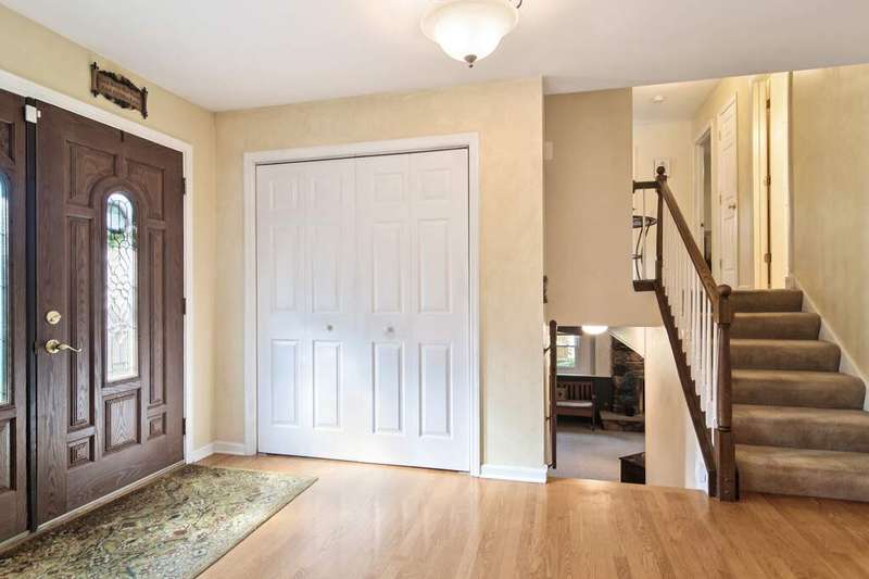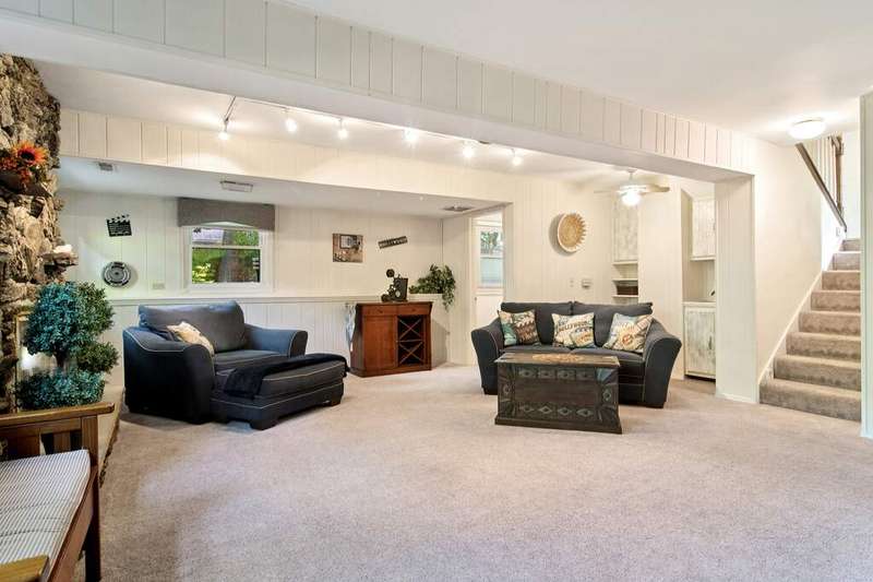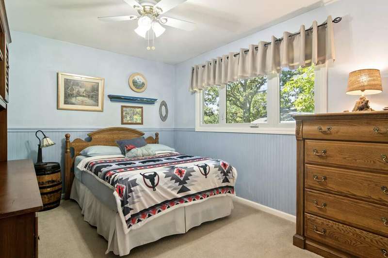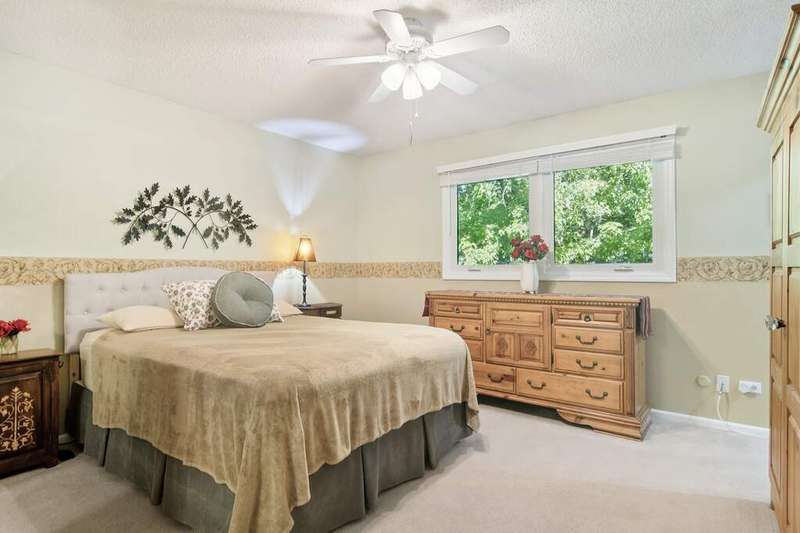 This beautifully maintained 4 bedroom, 2.5 bath split-level home in Lake Zurich offers a perfect blend of space, flexibility, and charm with Lake Rights to Lake Zurich! The main level features a bright living room with large picture windows, an inviting dining room, and a spacious kitchen with abundant cabinetry, solid surface counters, and a breakfast bar. Upstairs, you'll find the serene primary suite with private bath, along with two additional bedrooms and a full hall bath. The lower level is a warm retreat with a floor-to-ceiling stone fireplace in the family room, a full bath, and a versatile fourth bedroom or office. A finished basement adds even more flexibility with a home gym, storage, and laundry. Outdoors, enjoy your own private oasis with a large patio, water feature, and beautifully landscaped yard framed by mature trees. Perfect for both gatherings and quiet evenings, the backyard is truly an extension of the living space. With a 2-car attached garage, thoughtful updates, and a desirable neighborhood setting, this home offers comfort, style, and convenience all in one
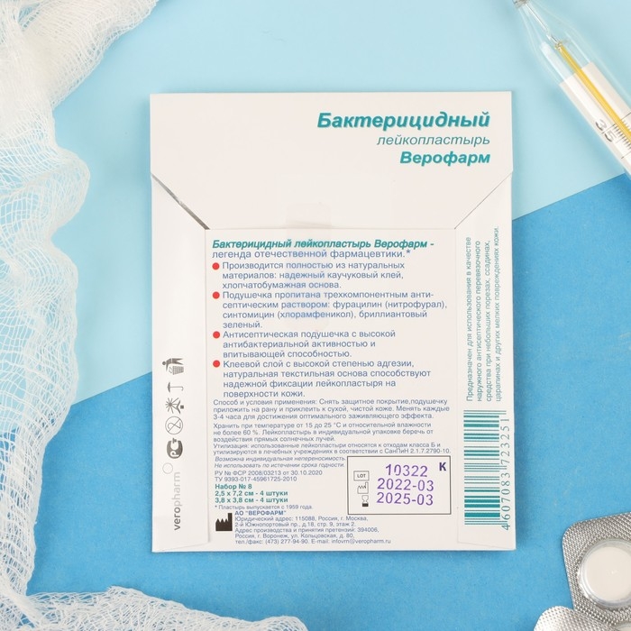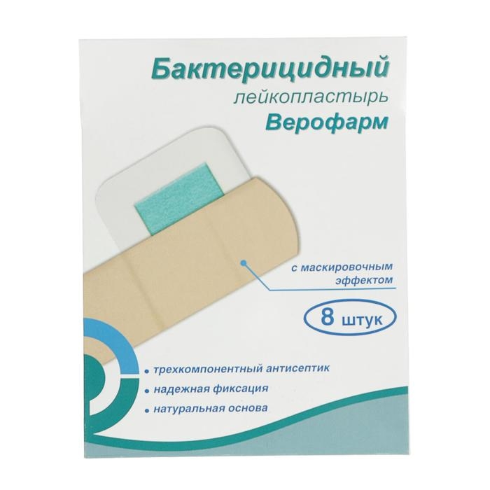 Лейкопластырь бактерицидный Верофарм набор 8 шт на тканной основе, телесные
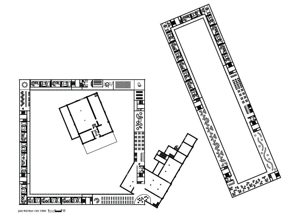 The block performs in a dual mode: The Destilerija Square and its cubic building responde to a metropolitan scale whilst Market Square and its slab-block response a local scale.
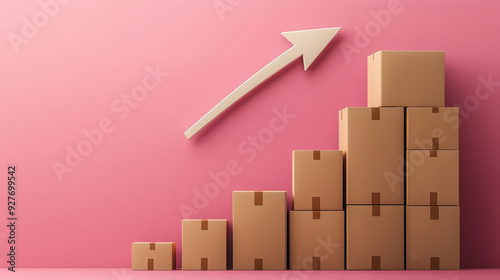 Cardboard packages stacked in a step formation with an upward arrow, representing growth in logistics, shipping, and e-commerce business.
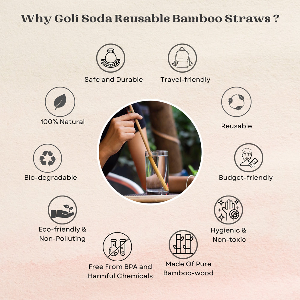 That’s Why Goli Soda Brings To You The Reusable Bamboo Straws That Are Purely Natural And Biodegradable. Bamboo Is Naturally Antifungal Hence Safe To Use. Our Bamboo Straws Offer An Eco-Friendly Yet Economic Alternative To The Widespread Use Of Plastic Straws And Simultaneously Helps Maintain Hygiene. The Straws Can Be Used For Months By Washing Them Before And After Use. They Are Sterilizable In Warm Water.

+++

What you need to do:
Please output the records exactly, leaving the pictures out.

Response for this exercise:
 This beautifully maintained 4 bedroom, 2.5 bath split-level home in Lake Zurich offers a perfect blend of space, flexibility, and charm with Lake Rights to Lake Zurich! The main level features a bright living room with large picture windows, an inviting dining room, and a spacious kitchen with abundant cabinetry, solid surface counters, and a breakfast bar. Upstairs, you'll find the serene primary suite with private bath, along with two additional bedrooms and a full hall bath. The lower level is a warm retreat with a floor-to-ceiling stone fireplace in the family room, a full bath, and a versatile fourth bedroom or office. A finished basement adds even more flexibility with a home gym, storage, and laundry. Outdoors, enjoy your own private oasis with a large patio, water feature, and beautifully landscaped yard framed by mature trees. Perfect for both gatherings and quiet evenings, the backyard is truly an extension of the living space. With a 2-car attached garage, thoughtful updates, and a desirable neighborhood setting, this home offers comfort, style, and convenience all in one
 Лейкопластырь бактерицидный Верофарм набор 8 шт на тканной основе, телесные
 The block performs in a dual mode: The Destilerija Square and its cubic building responde to a metropolitan scale whilst Market Square and its slab-block response a local scale.
 Cardboard packages stacked in a step formation with an upward arrow, representing growth in logistics, shipping, and e-commerce business.
 That’s Why Goli Soda Brings To You The Reusable Bamboo Straws That Are Purely Natural And Biodegradable. Bamboo Is Naturally Antifungal Hence Safe To Use. Our Bamboo Straws Offer An Eco-Friendly Yet Economic Alternative To The Widespread Use Of Plastic Straws And Simultaneously Helps Maintain Hygiene. The Straws Can Be Used For Months By Washing Them Before And After Use. They Are Sterilizable In Warm Water.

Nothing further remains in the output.